我被吓了一跳,猛地停下动作,慌忙转过头去。
只见夏柠浑身湿透、头发凌乱,正狼狈地摔在石板地上,显然也是刚被那道白光吸进来的。
我看着狼狈摔在地上的夏柠,心头一紧,手上翻找箱子的动作顿了半秒,语气里满是压不住的焦急与关切:“夏柠!你怎么也到这儿来了,你掉下来你没事吧?有没有哪里受伤?”
夏柠撑着冰冷的石板,艰难地爬起身,浑身湿透的衣服滴着水,脸色还有些苍白,她没有说话,浑身暖黄光芒亮起,她身上的伤势恢复了。
她缓了口气才摇着头回道:“我没事,就是被惊雷劈中掉进湖里,后来被湖底那道白光吸过来了,呛了几口水。宛栀,你呢?你在这儿找什么呢,这么着急?”
我没有说话,只是死死盯着面前的木箱,指尖拂过厚厚的灰尘,心里像压着一块巨石。
夏柠却立刻明白了我的意思,失声叫道:“是嫁衣吗?”
我微微点头,压下心底的慌乱,沉声说道:
“系统刚才告诉我,嫁衣就在这个石屋里。我们必须赶紧找到它。外面苏凛月、林烬他们还在跟秦枭死战,拖得越久越危险。你快过来,咱们一起找,别放过任何一个角落。”
夏柠脸色瞬间绷紧,顾不上浑身湿透,连忙奔到我身边,与我一同弯腰翻找起石桌下的抽屉和箱盖,一个个急促地翻开、摸索。

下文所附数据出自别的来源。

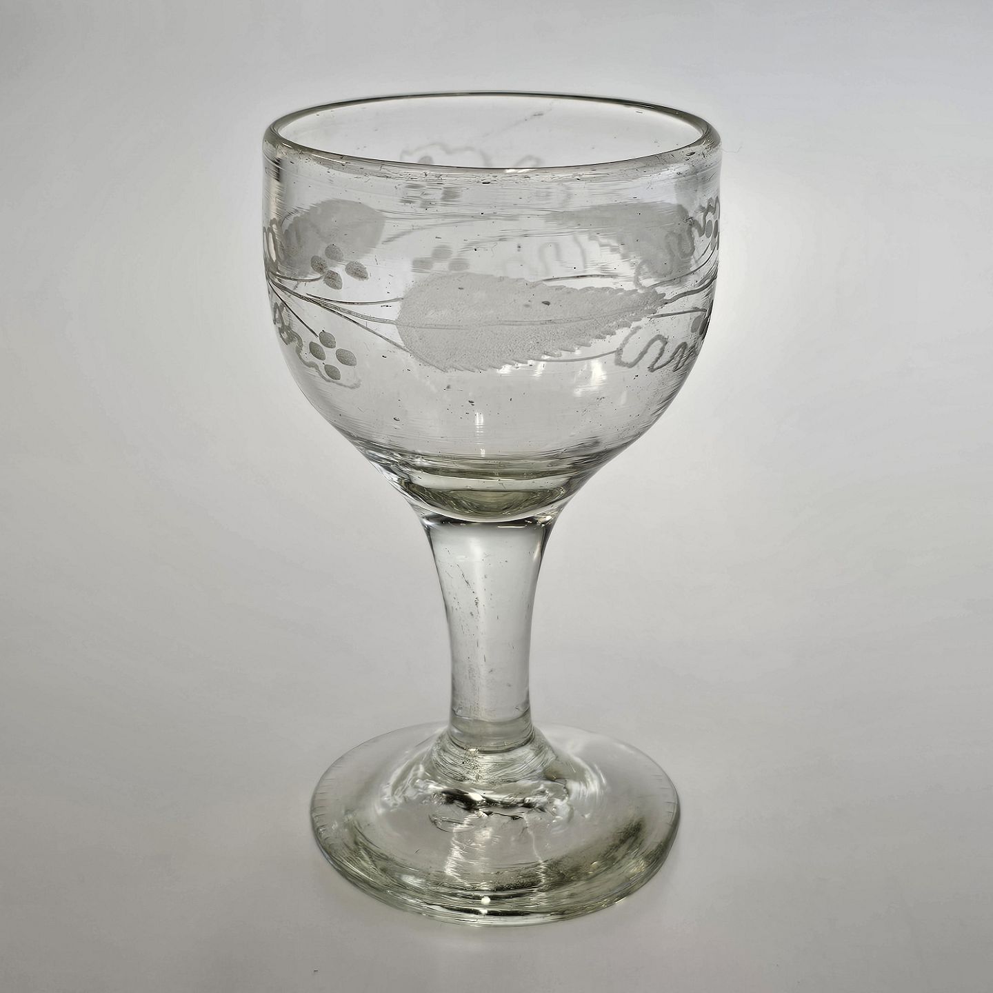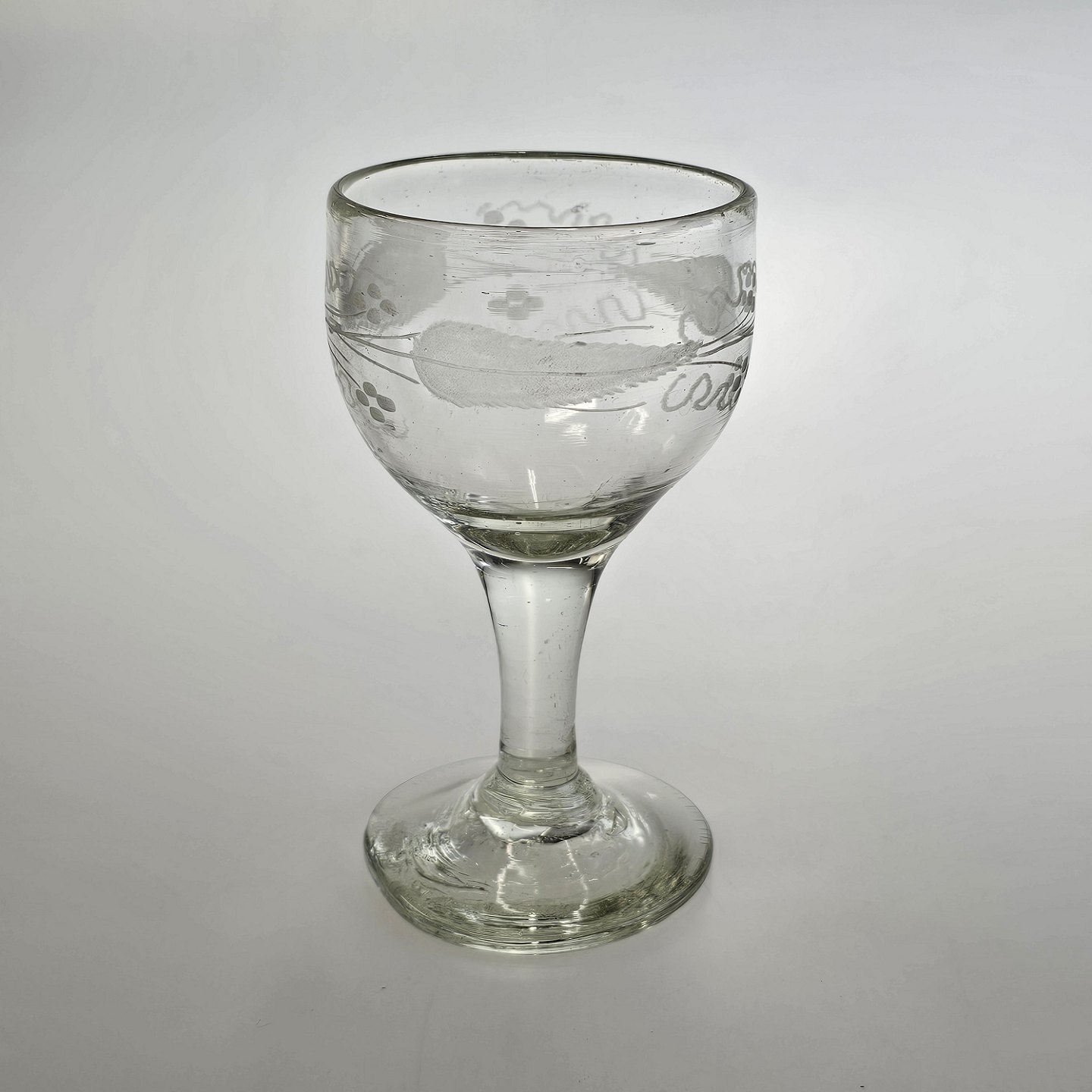Håndblæst vinglas med spidsbladet løvslibning
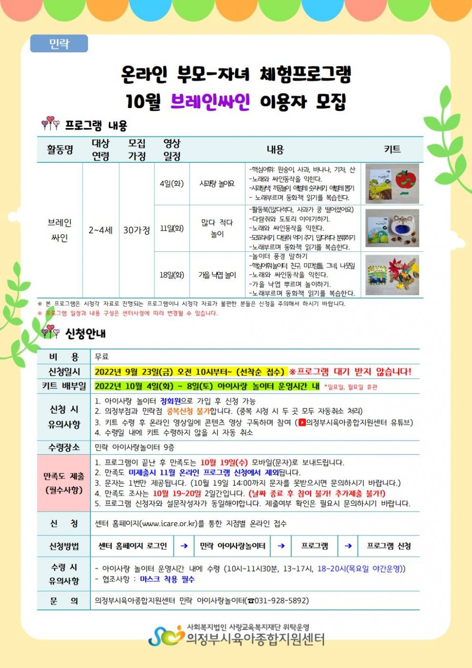 [의정부, 민락] 온라인 부모-자녀 체험프로그램 '브레인싸인' 이용자 모집(10월) 페이지 정보 작성자 의정부센터 댓글 0건 조회 1,885회 작성일 2022-09-16 09:44 본문 *10월 퍼니쿡과 키트배부날짜가 다르니 배부날짜 꼭!! 확인 후 신청해주세요. 목록 이전글[의정부, 민락] 온라인 부모-자녀 체험프로그램 '목공놀이' 이용자 모집(10월) 22.09.16 다음글[부모교육] 재능기부-캘리그라피 22.09.13
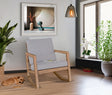 This item is a contemporary rocking chair that combines comfort with a stylish, modern design. The chair features a light wood frame with clean, geometric lines that provide both support and aesthetic appeal. The backrest and seat are upholstered in a soft, gray fabric, offering a neutral tone that complements various interior decors. The gentle rocking motion is perfect for relaxation, making it an ideal addition to living rooms, nurseries, or reading nooks.
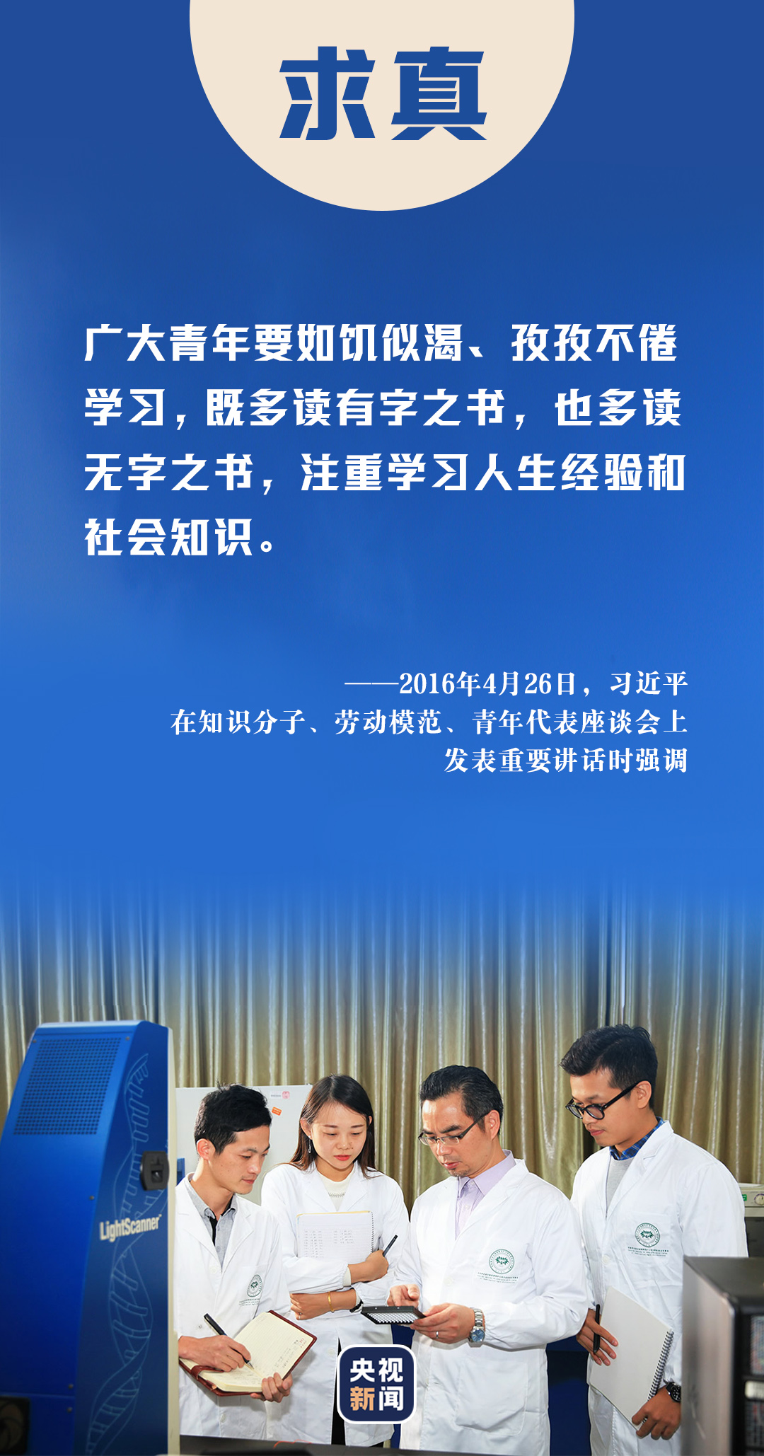2013年五四青年節(jié),習近平總書記來到中國航天科技集團公司中國空間技術研究院,與青年代表座談??倳浿赋觯瑥V大青年要堅持面向現(xiàn)代化、面向世界、面向未來,增強知識更新的緊迫感,如饑似渴學習,既扎實打牢基礎知識又及時更新知識,既刻苦鉆研理論又積極掌握技能,不斷提高與時代發(fā)展和事業(yè)要求相適應的素質和能力。
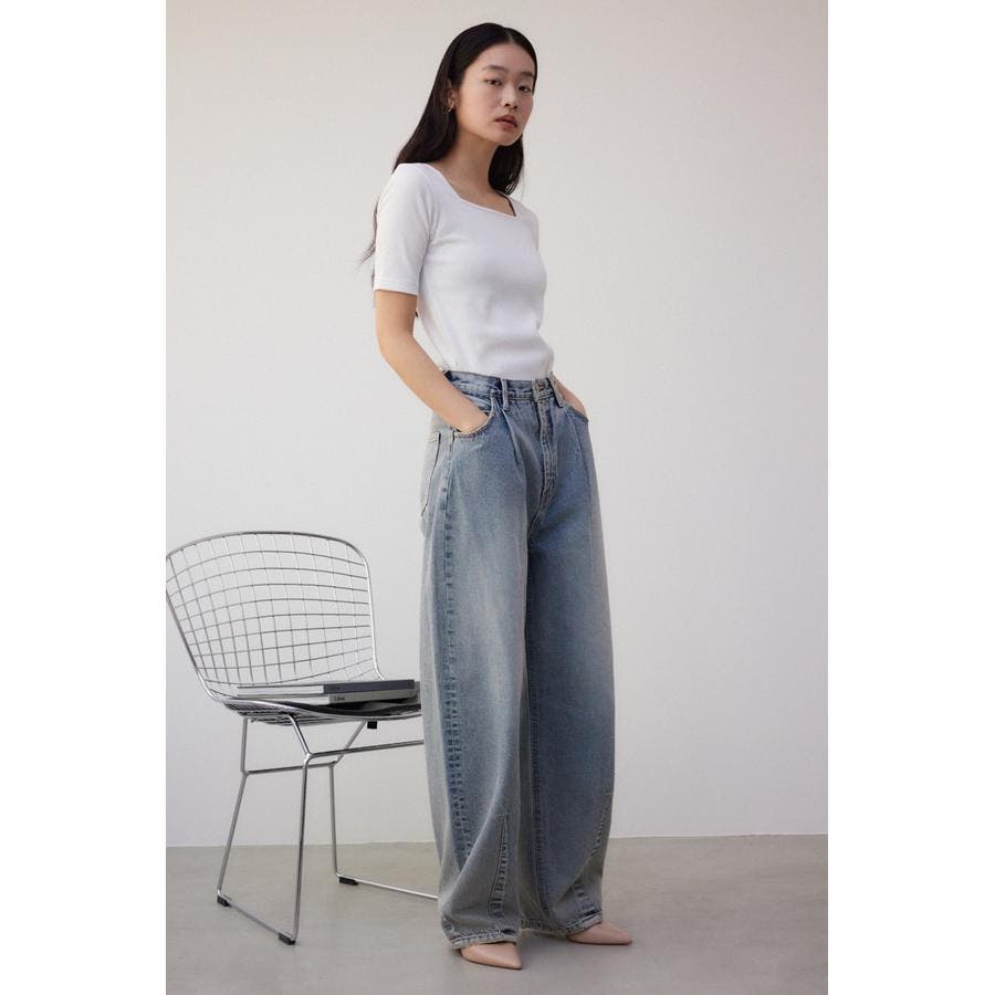 ・立体的なシルエットがポイントのタックカーブデニム。

空气里只剩焦急的翻动物体声,以及头顶湖水传来的沉闷震动。
我没再多说,从袖子里摸出匕首,握着刀柄,一块一块轻轻敲击着石地板。
石砖发出沉闷厚重的声响,一路敲到正中间那块时,声音忽然变得空洞发飘。
我心头一震,立刻开口:“这是空的!”
夏柠连忙凑过来,我们俩一起用力,顺着石缝抠住、撬动,费劲地把这块石板挪开。
下面赫然躺着一只朴素的木盒子,没有多余雕花,看着不起眼,却安安静静藏在这湖底石屋之下。
我伸手轻轻打开盒盖。
一瞬间,连这昏暗的石屋都像是亮了几分。
里面静静躺着一身明代嫁衣,纹样精美绝伦,金线与朱红丝线交织,领口、裙摆绣着细密的缠枝纹与凤凰图,面料虽历经岁月,依旧看得出当年极尽考究,庄重又艳绝,静静地躺在盒中,透着一股沉寂又慑人的美。
看着终于找到的嫁衣,我和夏柠对视一眼,都忍不住松了口气,露出了不负所望的笑。